Sunday, March 25, 2012

The Odds in a Coin Flip are not 50/50

To me the idea of "triplethought" (the name of my blog) is exemplified by this study.  It just goes to show you have to really challenge what you think you know as fact.  Do you think the odds of a flipped coin coming up either heads or tails is 50/50? Think again. A Standford study shows the odds in a coin toss odds aren’t 50/50 as almost everyone believes.... but more like 51% versus 49% in favor of the side that starts up when it is initially flipped. It has nothing to do with the weight or imbalance in the coin.  There is a bias towards the side that starts up.  They used a machine to perform a large number of coin tosses and found the following:

  1. If the coin is tossed and caught, it has about a 51% chance of landing on the same face it was launched. (If it starts out as heads, there's a 51% chance it will end as heads).
  2. If the coin is spun, rather than tossed, it can have a much-larger-than-50% chance of ending with the heavier side down.
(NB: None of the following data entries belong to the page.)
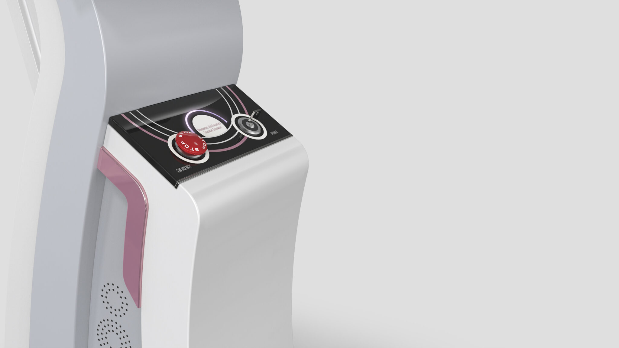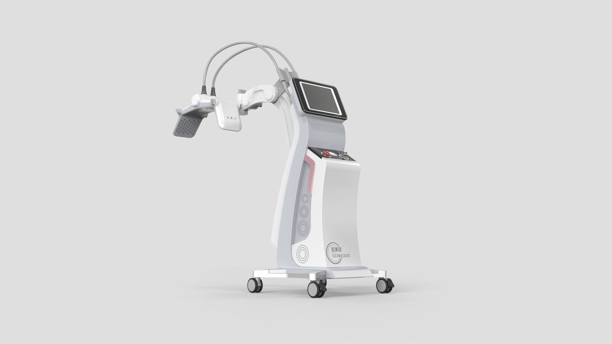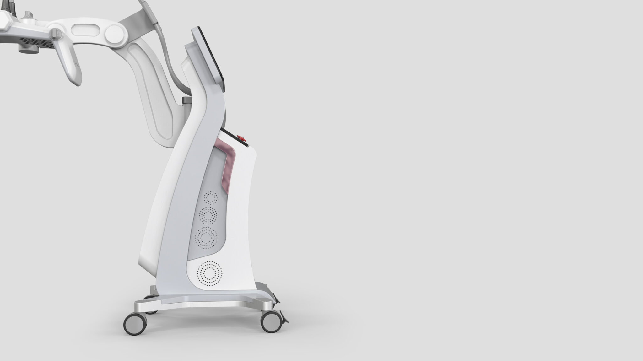 This system is designed by integrating the core values of non-invasive body contouring, Precision Energy Delivery, Body Contour Compatibility, and Stable Experience, into a single formal language. The flowing curvature of the body is inspired by the human silhouette, visually expressing the Soft Non-Invasive Feel of energy-based procedures. The S-line structure, which expands as it rises, naturally guides the movement of the treatment head and the medical staff’s workflow, while the stable base frame and cart structure enhance professional reliability.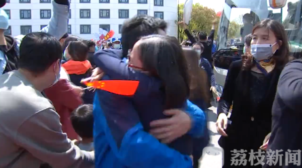 上午十点多,常熟援湖北医务人员乘坐的返程大巴车驶进了常熟会议中心 。李勤走下大巴车,一眼就看到了早早守候在人群里的丈夫,冲上去与他紧紧相拥。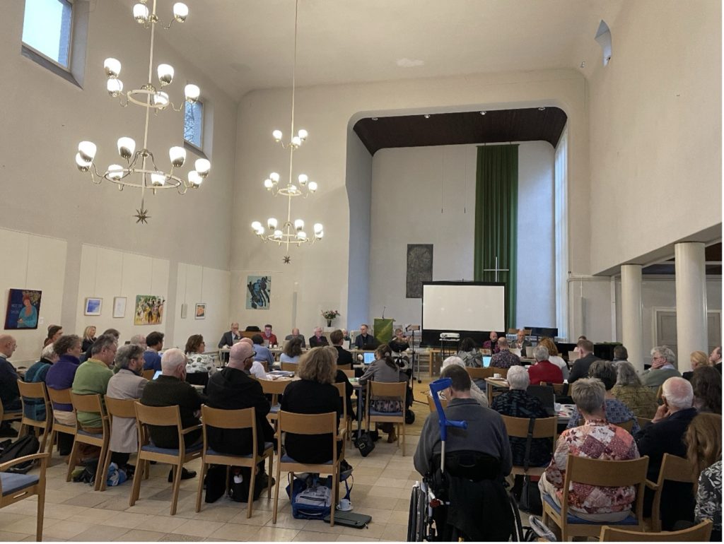 En dan zijn we bij het belangrijkste agendapunt. De herziening van de organisatie van de synode. Bisschop Dick Schoon vat het nog een keer samen. Het gaat om het gemeenschappelijk kerk zijn.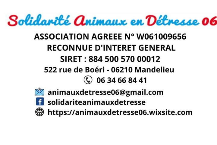 Created in 2017 and recognized as being of general interest, SOLIDARITE ANIMAUX EN DETRESSE 06 (from Mandelieu) provides emergency food aid to more than 900 animals in distress (islands of free cats, homeless animals or in precarious homes) thanks to its numerous collections in supermarkets (an average of 2 TONS PER MONTH is distributed). His small team is entirely dedicated and volunteers. The association lives only on private donations.
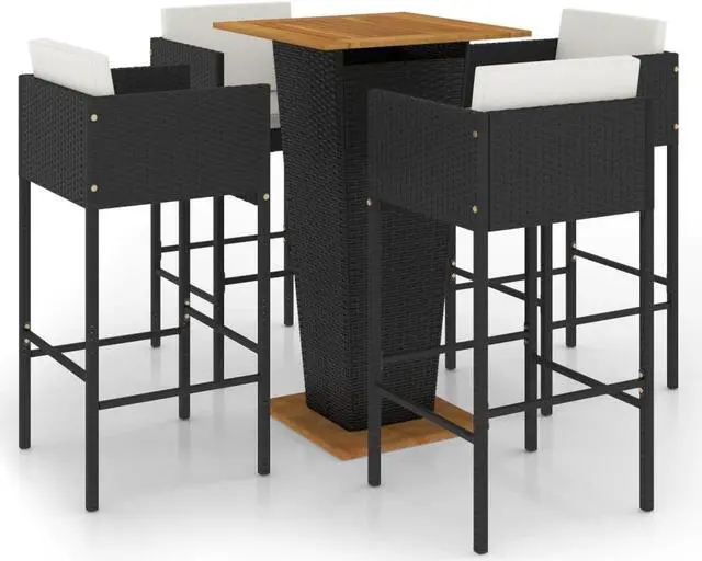 This stylish garden bar set provides you with a leisurely and comfortable time with your family and friends. Made of weather-resistant and waterproof PE rattan, this outdoor bar set is easy to clean, hard-wearing and suitable for daily use. The powder-coated steel frame makes the table and stools sturdy and durable. The wooden tabletop is ideal for placing drinks, food, or some decorative items. The footrest and cushions also add additional seating comfort for the stool. Thanks to the lightweight construction, all items are easy to move.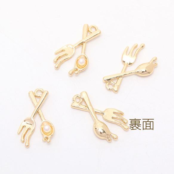 メタルチャーム フォーク スプーン ゴールド 12×20mm(4ヶ)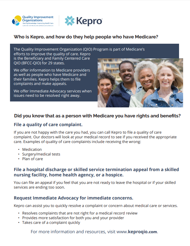The Kepro Beneficiary and Family Centered Care Quality Improvement Organization (BFCC-QIO) handles all Medicare beneficiary complaints, quality of care reviews, medical necessity reviews, and discharge appeals from hospitals, skilled nursing facilities, home health and hospice providers, and rehabilitation facilities.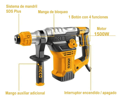 Rotomartillo Industrial 1500w 5,5j Sds Plus Ingco – 4 Fun

Spun coins can exhibit "huge bias" (some spun coins will fall tails-up 80% of the time).
  3. If the coin is tossed and allowed to clatter to the floor, this probably adds randomness.
  4. If the coin is tossed and allowed to clatter to the floor where it spins, as will sometimes happen, the above spinning bias probably comes into play.
  5. A coin will land on its edge around 1 in 6000 throws, creating a flipistic singularity.
  6. The same initial coin-flipping conditions produce the same coin flip result. That is, there's a certain amount of determinism to the coin flip.
  7. A more robust coin toss (more revolutions) decreases the bias.